=== AIM OF THE EXERCISE ===
Below are entries. Give back exactly the lines from the one containing "Инфляция в Испании" through the one containing "水晶内部で再結晶したリモナイ", inclusive, without the pictures.

=== GIVEN DATA ===
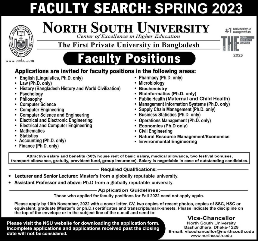 Please visit the NSU website for downloading the application form. Incomplete applications and applications received past the closing date will not be considered.
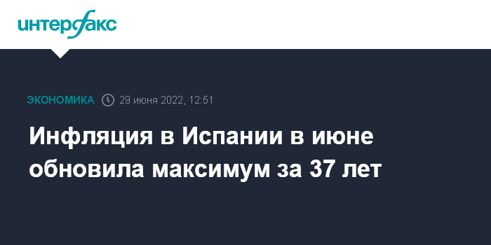 Инфляция в Испании в июне обновила максимум за 37 лет
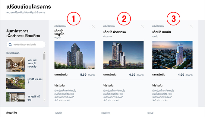 วิธีกดเปรียบเทียบ คือกดที่สัญลักษณ์ลูกศร 2 อัน สามารถเลือกได้สูงสุด 3 โครงการ
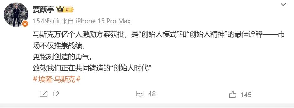 马斯克获得亿万美元薪酬,最兴奋的却是贾跃亭贾老板。难道他也想东施效颦,要求FF公司给他加薪?
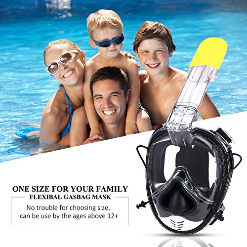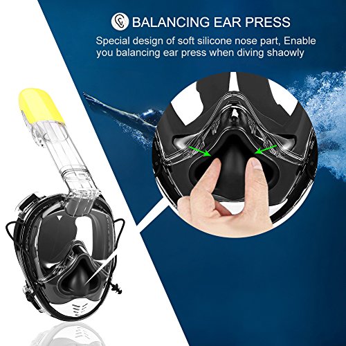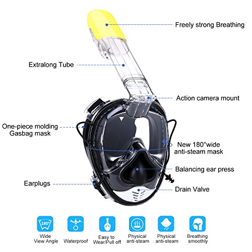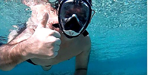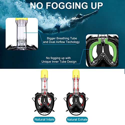 Größeres Atemrohr mit Dual-Luftstrom-Technologie, damit kann man im Wasser sowie an Land problemlos schnorcheln.
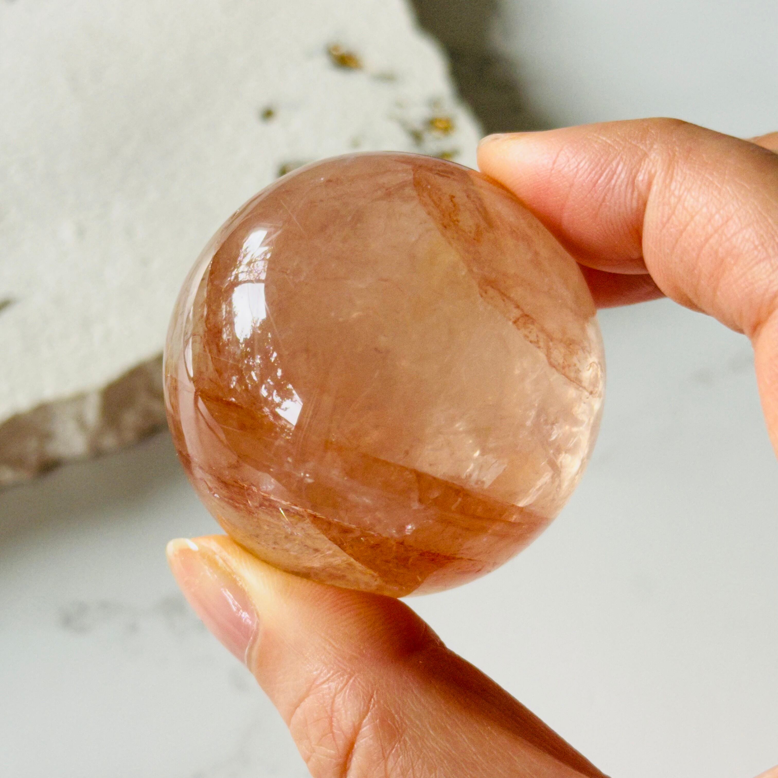 水晶内部で再結晶したリモナイトの成分が、水中に美しく輝く鱗のようで、和名を「金魚水晶」とも言います。金魚鉢のような美しいスフィアは見ていて飽きることがありません。
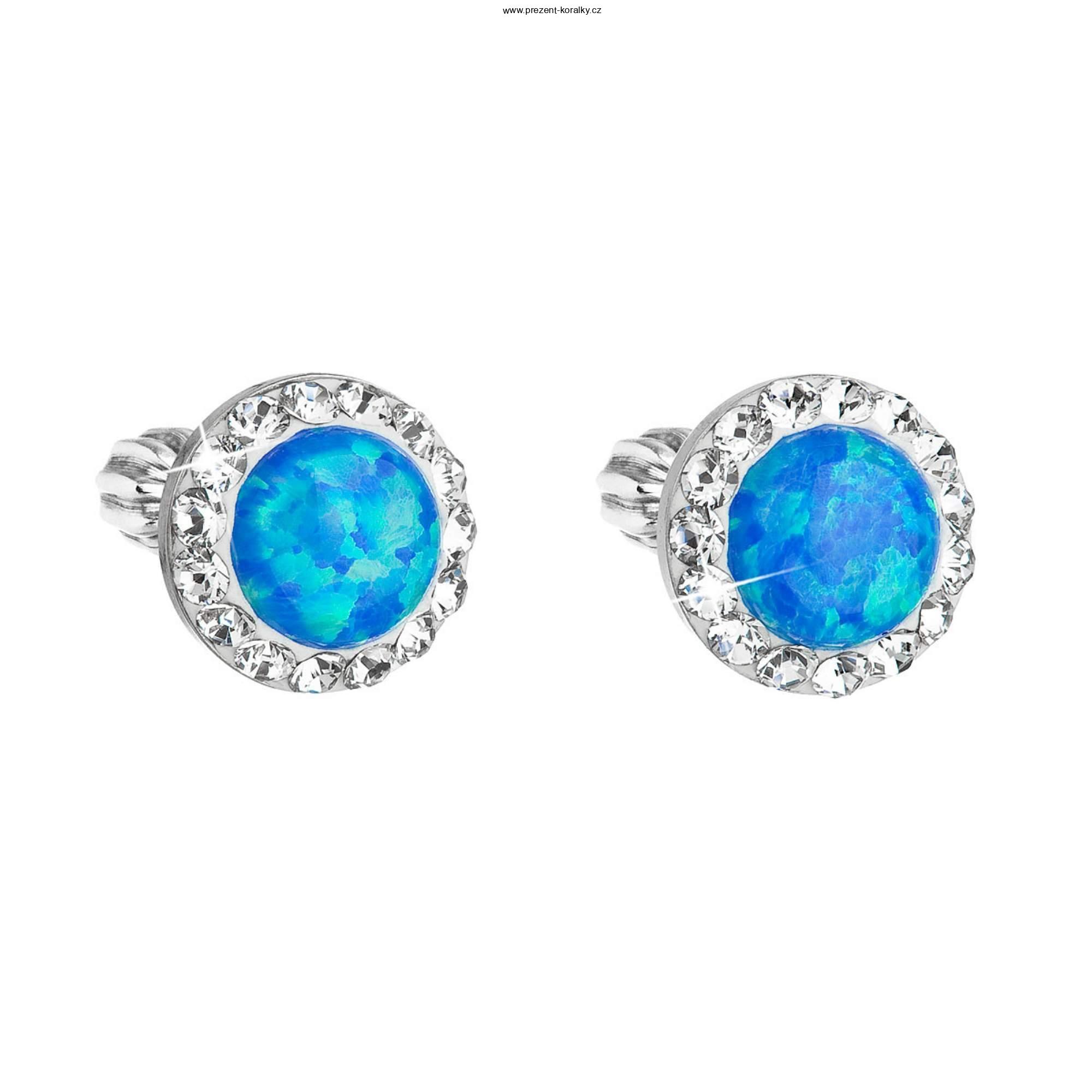 Stříbrné modré opálové náušnice se Swarovski krystaly. Modré stříbrné náušnice jsou zdobeny čirými kamínky a modrým opálem. Šířka náušnic je 0,9 cm a zapínání mají řešeno na puzetku.

=== WRITTEN RESPONSE ===
 Инфляция в Испании в июне обновила максимум за 37 лет
 วิธีกดเปรียบเทียบ คือกดที่สัญลักษณ์ลูกศร 2 อัน สามารถเลือกได้สูงสุด 3 โครงการ
 马斯克获得亿万美元薪酬,最兴奋的却是贾跃亭贾老板。难道他也想东施效颦,要求FF公司给他加薪?
 Größeres Atemrohr mit Dual-Luftstrom-Technologie, damit kann man im Wasser sowie an Land problemlos schnorcheln.
 水晶内部で再結晶したリモナイトの成分が、水中に美しく輝く鱗のようで、和名を「金魚水晶」とも言います。金魚鉢のような美しいスフィアは見ていて飽きることがありません。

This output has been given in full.